▸ **Description of the task**: An exact transcription is needed of the lines below from the one with "百家汇博古架月洞门中式实木仿古多宝阁YS5980" through the one with "This stunning Postmodern", with no other lines and no pictures.

---

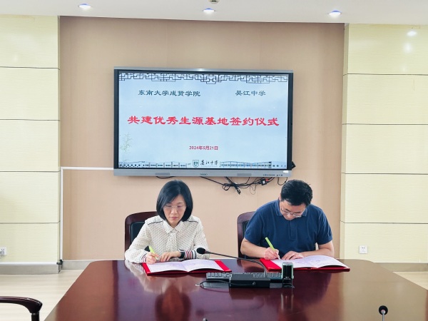 与吴江中学签订《520夫妻 优秀生源基地建设协议书》
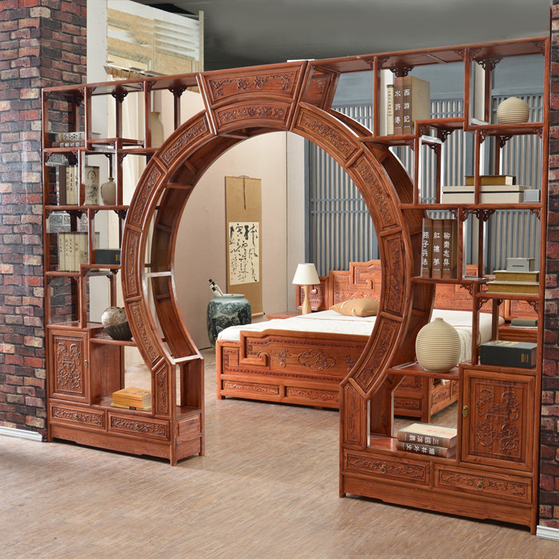 百家汇博古架月洞门中式实木仿古多宝阁YS5980
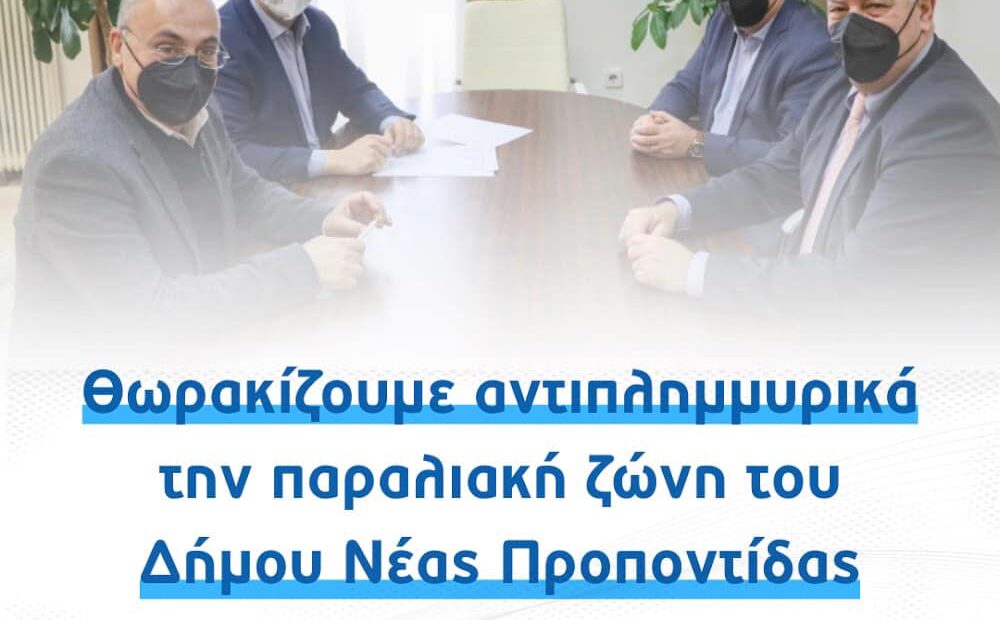 Προγραμματική σύμβαση για την αντιπλημμυρική θωράκιση της παραλιακής ζώνης του Δήμου Νέας Προποντίδας Χαλκιδικής υπέγραψαν σήμερα στο κτίριο διοίκησης της Περιφέρειας Κεντρικής Μακεδονίας, ο Περιφερειάρχης Απόστολος Τζιτζικώστας και ο Δήμαρχος Εμμανουήλ Καρράς.
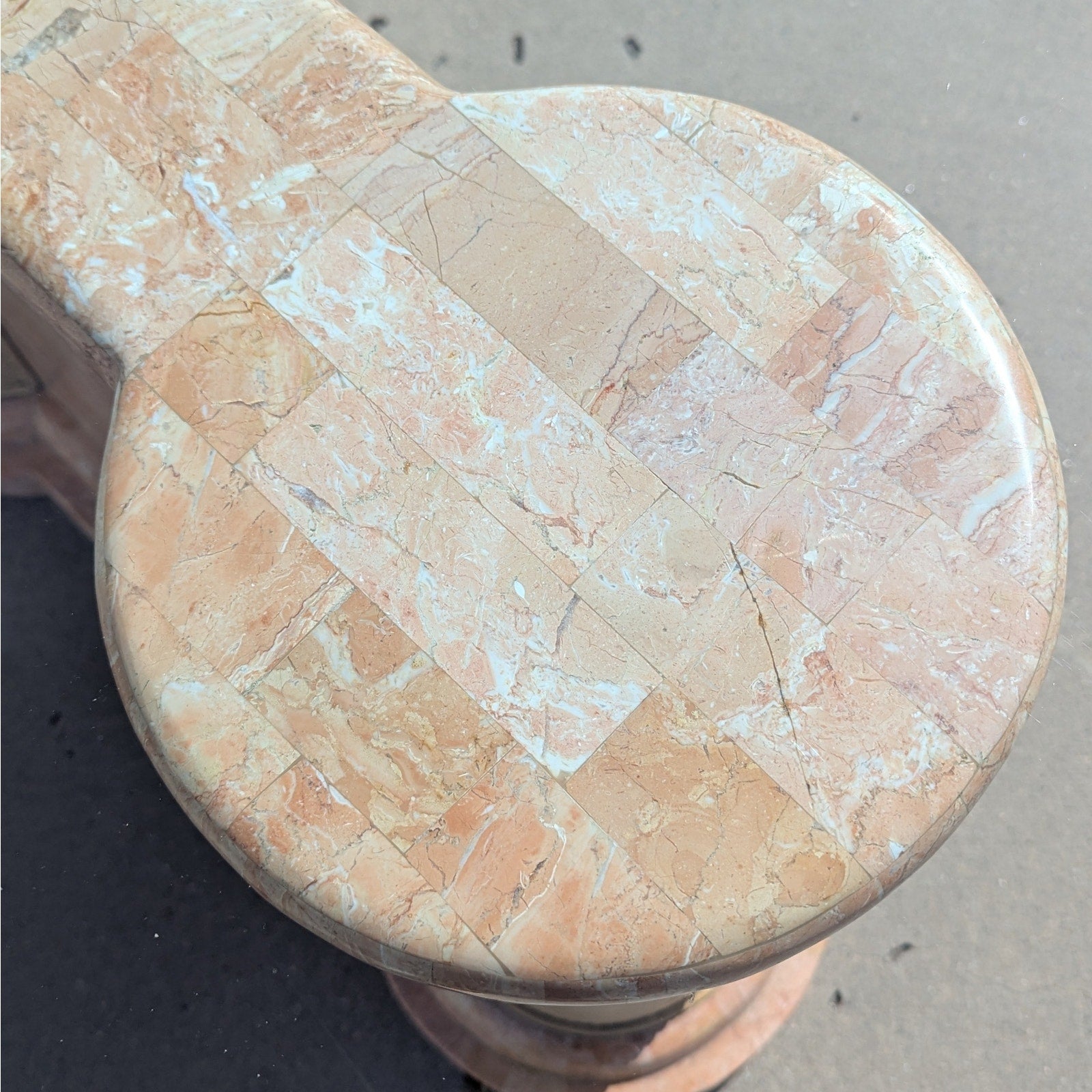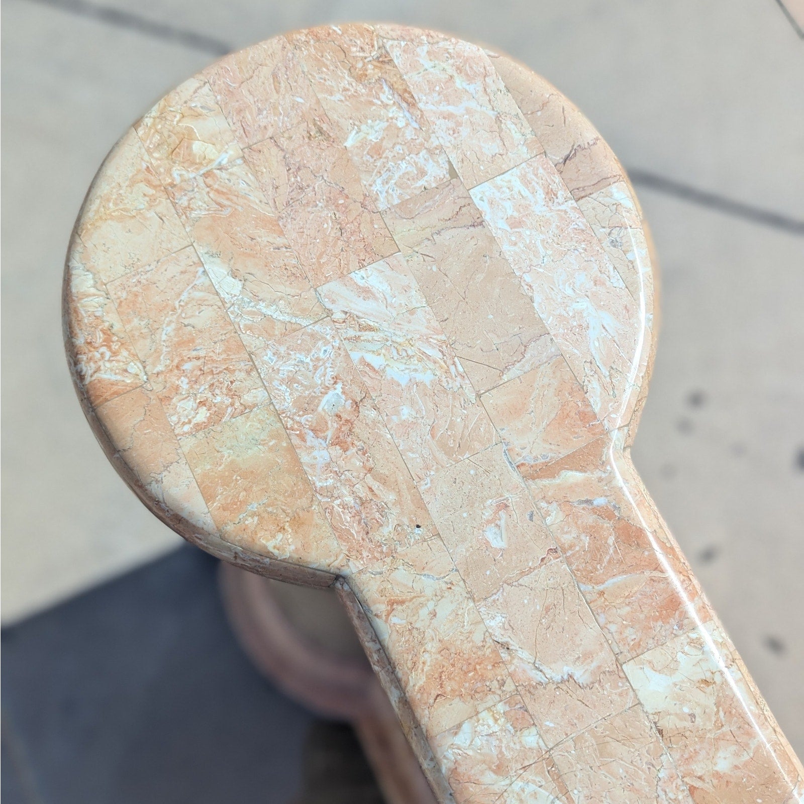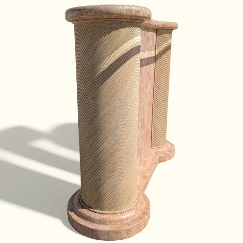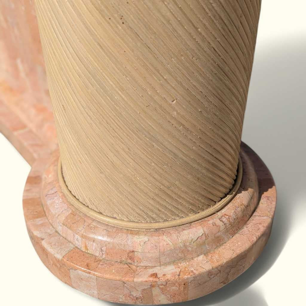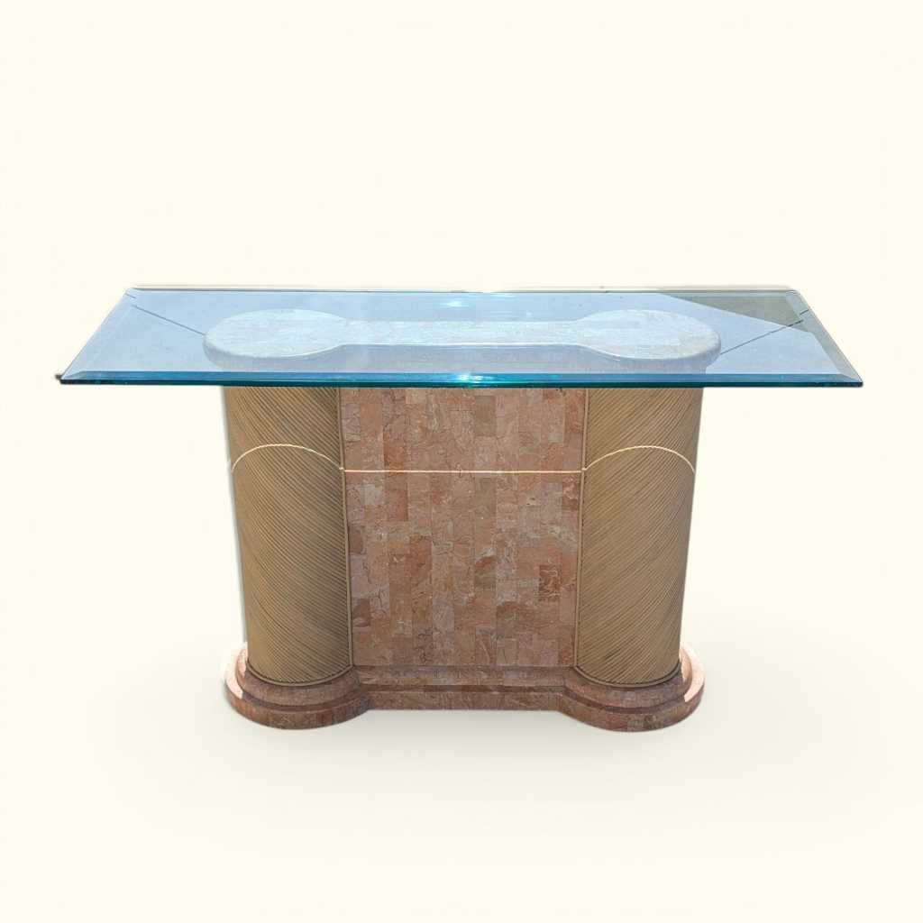 This stunning Postmodern Entryway Glass Console Table combines sleek modern design with a bold tesselated marble base. The glass top offers a light and airy feel, while the unique rattan columns create a strong visual contrast, adding an elegant touch to any entryway or living room. The design embodies the best of postmodern aesthetics, perfect for those seeking a statement piece that combines both function and style.
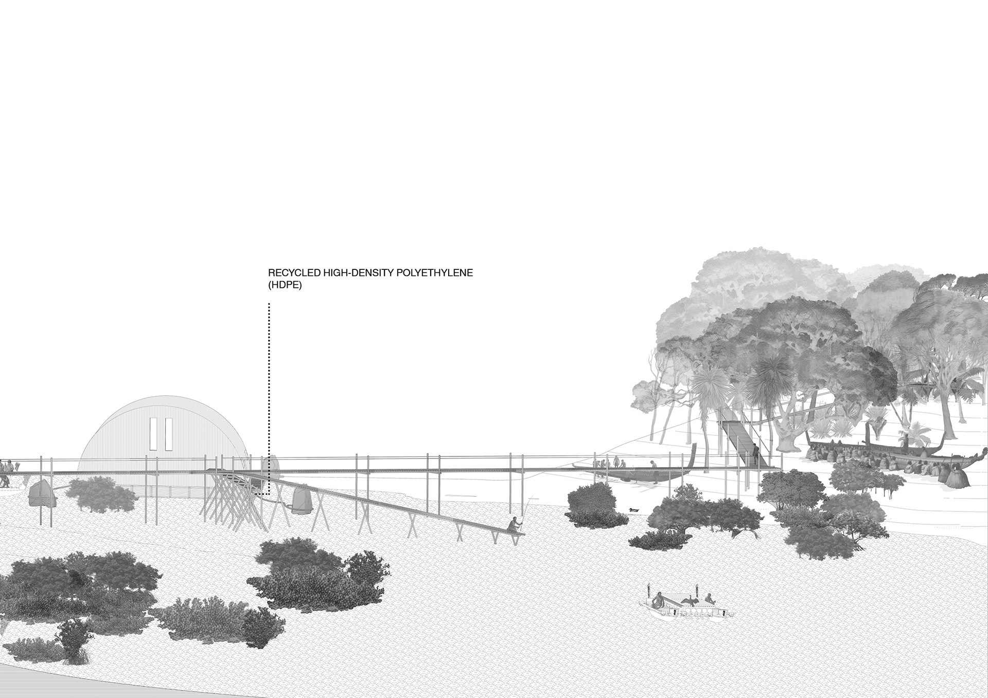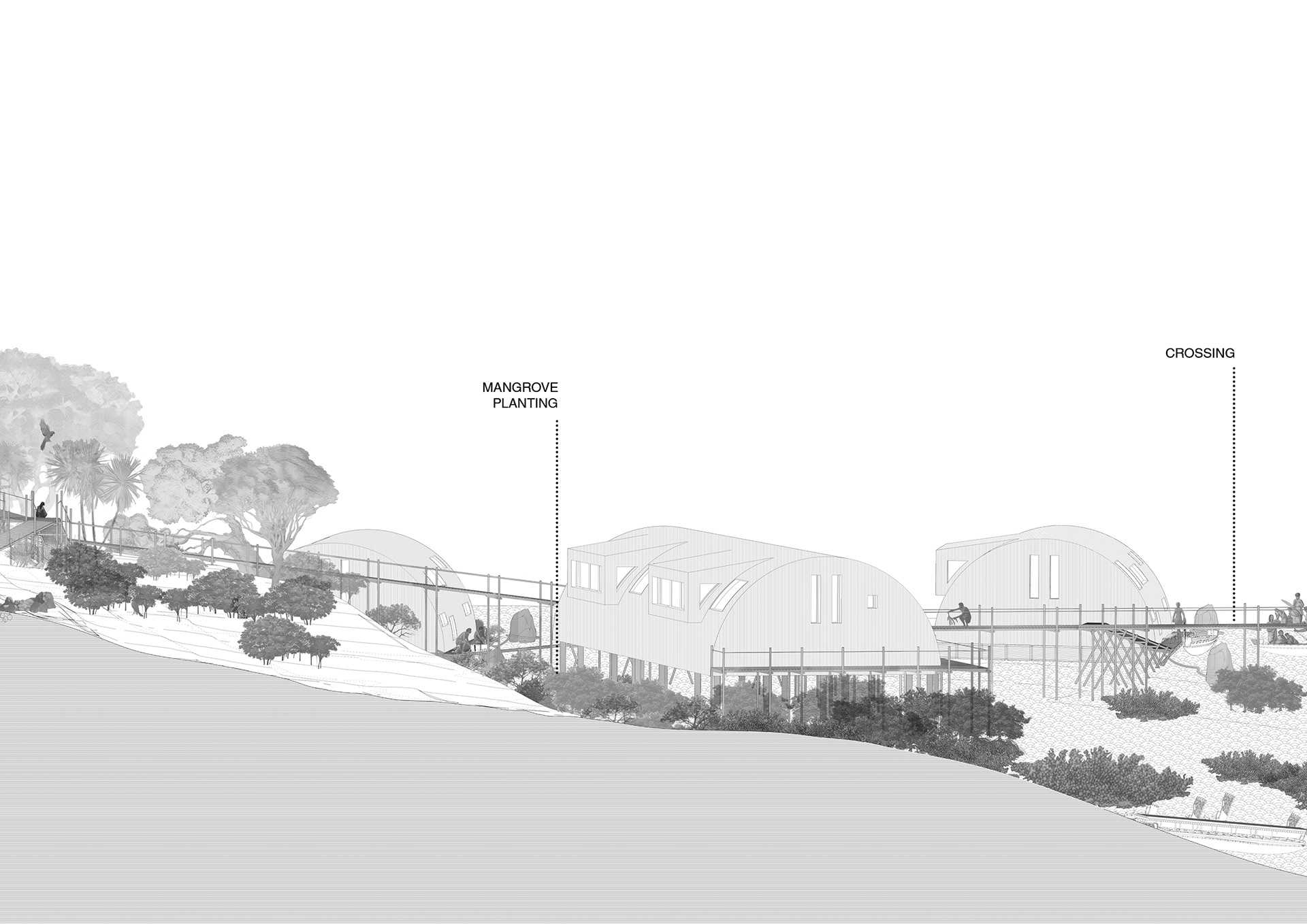 Inspired by site-specific artist Mary Miss. Investigating harmony of vernacular techniques with their surrounds, the black and white image masks what could be an unharmonious pairing of different environments' vernaculars, testing Bernard Rudofsky’s techniques in his ‘Architecture Without Architects’ exhibit, and its tendency to present vernacular building as context-free. Also investigating the potential uses and development on space otherwise deemed 'inhabitable'.
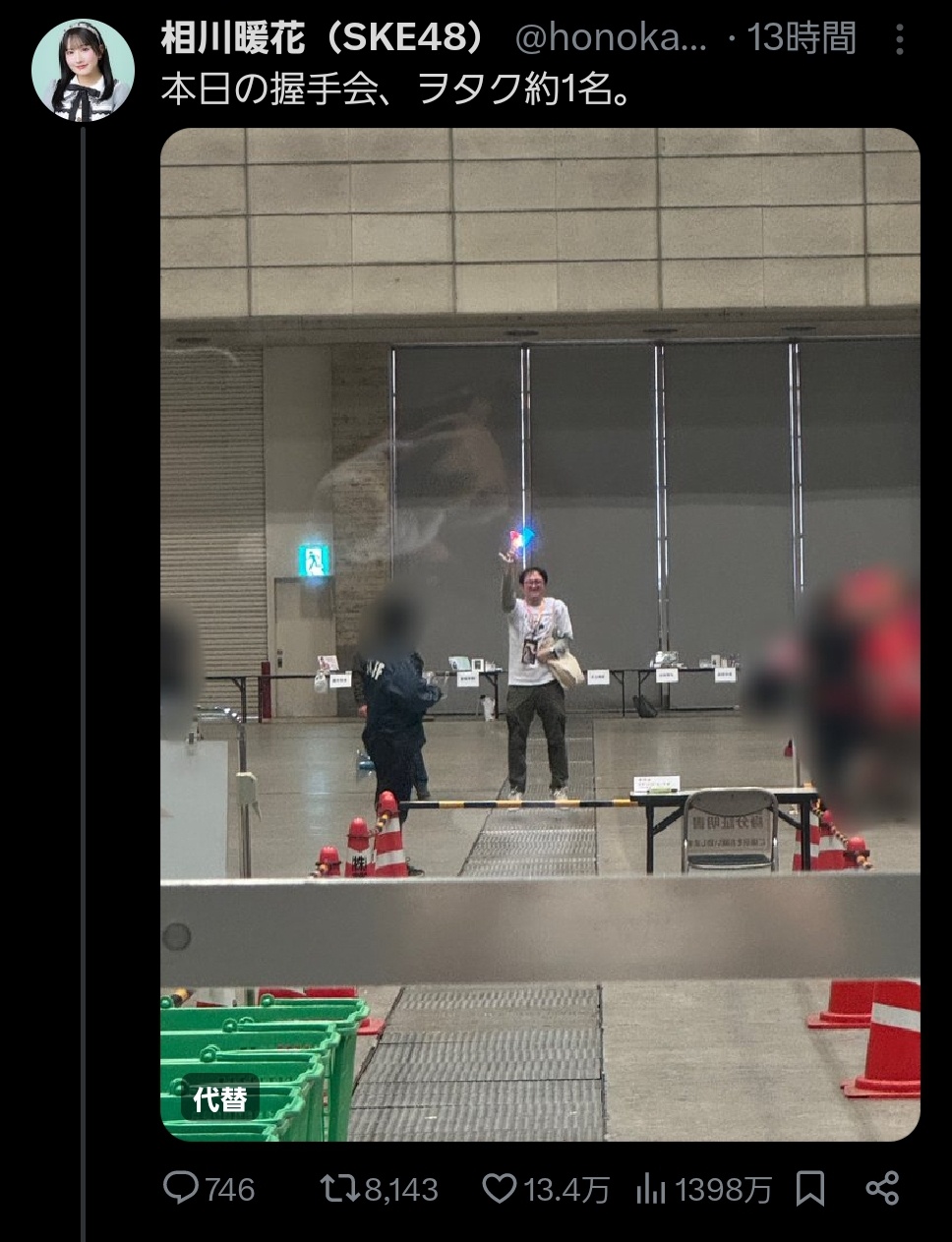 【悲報】SKE48「本日の握手会、ヲタク約1名。」→𝕏で13万いいねwwwwwwwwwwwwwwwwwwwwwwwwwwwwww

---

▸ **The completed task**:
 百家汇博古架月洞门中式实木仿古多宝阁YS5980
 Προγραμματική σύμβαση για την αντιπλημμυρική θωράκιση της παραλιακής ζώνης του Δήμου Νέας Προποντίδας Χαλκιδικής υπέγραψαν σήμερα στο κτίριο διοίκησης της Περιφέρειας Κεντρικής Μακεδονίας, ο Περιφερειάρχης Απόστολος Τζιτζικώστας και ο Δήμαρχος Εμμανουήλ Καρράς.
 This stunning Postmodern Entryway Glass Console Table combines sleek modern design with a bold tesselated marble base. The glass top offers a light and airy feel, while the unique rattan columns create a strong visual contrast, adding an elegant touch to any entryway or living room. The design embodies the best of postmodern aesthetics, perfect for those seeking a statement piece that combines both function and style.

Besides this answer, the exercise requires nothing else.